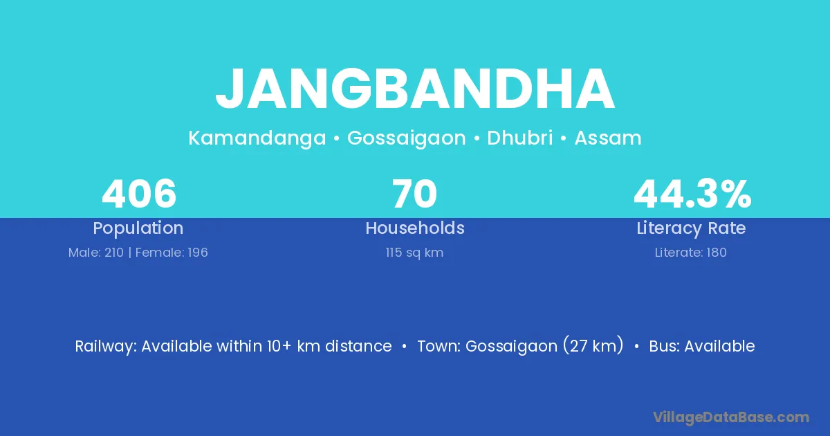 Gossaigaon (27 km) is the nearest town to Jangbandha village for major economic activities and is located approximately 27 km away.
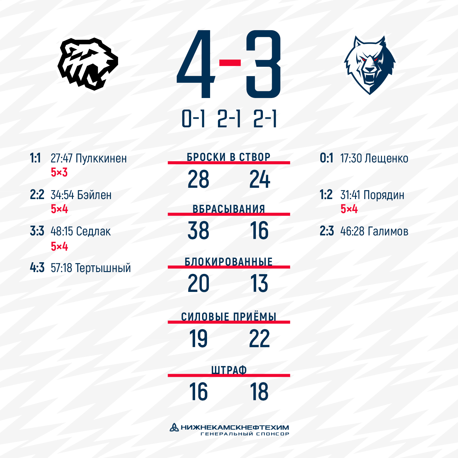 В первом периоде Вячеслав Лещенко вывел нас вперед. Хозяева отыгрались в середине вторых 20 минут. Однако Павел Порядин, также в большинстве, снова сделал цифры на табло в нашу пользу. Уйти на второй перерыв с преимуществом нижнекамцам не удалось. «Трактор» в очередной раз реализовал численное преимущество.Исход поединка решился в третьем периоде. Ансель Галимов в третий раз сделал счет в нашу пользу, но спустя 2 минуты на табло цифры в очередной раз сравнялись. Встречала уже катилась к овертайму, но хозяева на 58-й минуте впервые повели в счете и, как оказалось, забили победную шайбу.
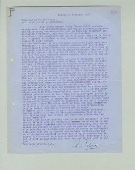 Daarom verzoek ik je heel erg dringend er voor te willen zorgen dat de rekening, die nog open staat bij de Liga ten spoedigste aan mijn vrouw wordt betaald, maar dat dat dan ook inderdaad gebeurt. Die fl 300.- zijn als garantiepost gerust op de Liga te verantwoorden en is dat nu eenmaal zoo overeengekomen. Zóó moordend is verder dat bedrag niet, te meer waar er nog altijd kans en zelfs de zekerheid is dat het binnenkort terug komt. Maar voor alles heeft de Liga ook haar finantieele reputatie en ook onze reputatie bij de bedrijfsmenschen hoog te houden. Dat ben je roerend met me eens.
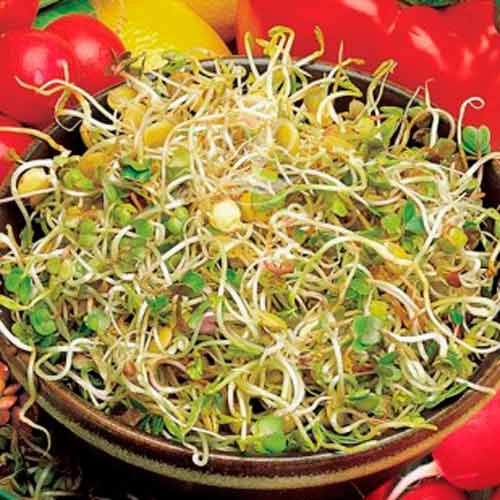 Semințele moi se spală în mod repetat, zile la rând, până când ele încolțesc și apar mugurii. Recipientul se scoate la soare sau la lumină, pentru înverzire, după care se pot consuma.
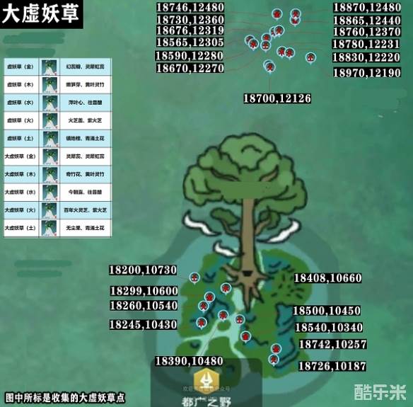 1、创造与魔法大虚妖草位置分布图如下图所示:
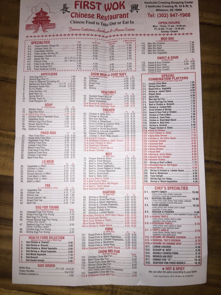 Welcome to First Wok Chinese Restaurant, a hidden gem in Millsboro, DE, renowned for its delicious and authentic Chinese cuisine. The menu boasts an array of flavorful options, perfect for takeout enthusiasts. From the much-praised Moo Shu Pork to the delightful fried dumplings, every dish is crafted with a focus on quality and generous portions.
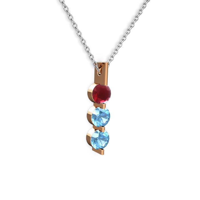 Kök yakut ve akuamarin 14 ayar rose altın kolye (40 cm gümüş rolo zincir)
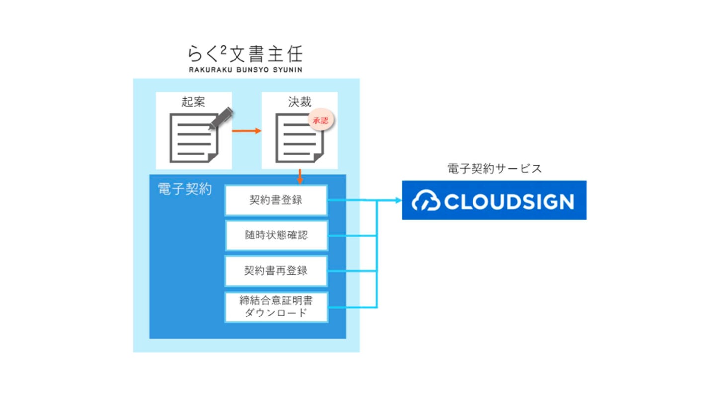 今回、「らく2文書主任®」と「クラウドサイン」がWebAPI連携することで、ユーザーは「らく2文書主任®」上から直接電子契約の締結が可能になります。この連携により、電子契約サービスにログインする手間なく、承認済みの契約書を「らく2文書主任®」内で一元管理できるようになります。また、契約書送付前に庁内での承認プロセスを経るため、高いコンプライアンスを遵守した安全な契約運用が可能です。

******

| Exercise |
Begin the copy at the line containing "Semințele moi se" and end it at the last line of the records; transcribe exactly and exclude pictures.

| Reply to the task |
 Semințele moi se spală în mod repetat, zile la rând, până când ele încolțesc și apar mugurii. Recipientul se scoate la soare sau la lumină, pentru înverzire, după care se pot consuma.
 1、创造与魔法大虚妖草位置分布图如下图所示:
 Welcome to First Wok Chinese Restaurant, a hidden gem in Millsboro, DE, renowned for its delicious and authentic Chinese cuisine. The menu boasts an array of flavorful options, perfect for takeout enthusiasts. From the much-praised Moo Shu Pork to the delightful fried dumplings, every dish is crafted with a focus on quality and generous portions.
 Kök yakut ve akuamarin 14 ayar rose altın kolye (40 cm gümüş rolo zincir)
 今回、「らく2文書主任®」と「クラウドサイン」がWebAPI連携することで、ユーザーは「らく2文書主任®」上から直接電子契約の締結が可能になります。この連携により、電子契約サービスにログインする手間なく、承認済みの契約書を「らく2文書主任®」内で一元管理できるようになります。また、契約書送付前に庁内での承認プロセスを経るため、高いコンプライアンスを遵守した安全な契約運用が可能です。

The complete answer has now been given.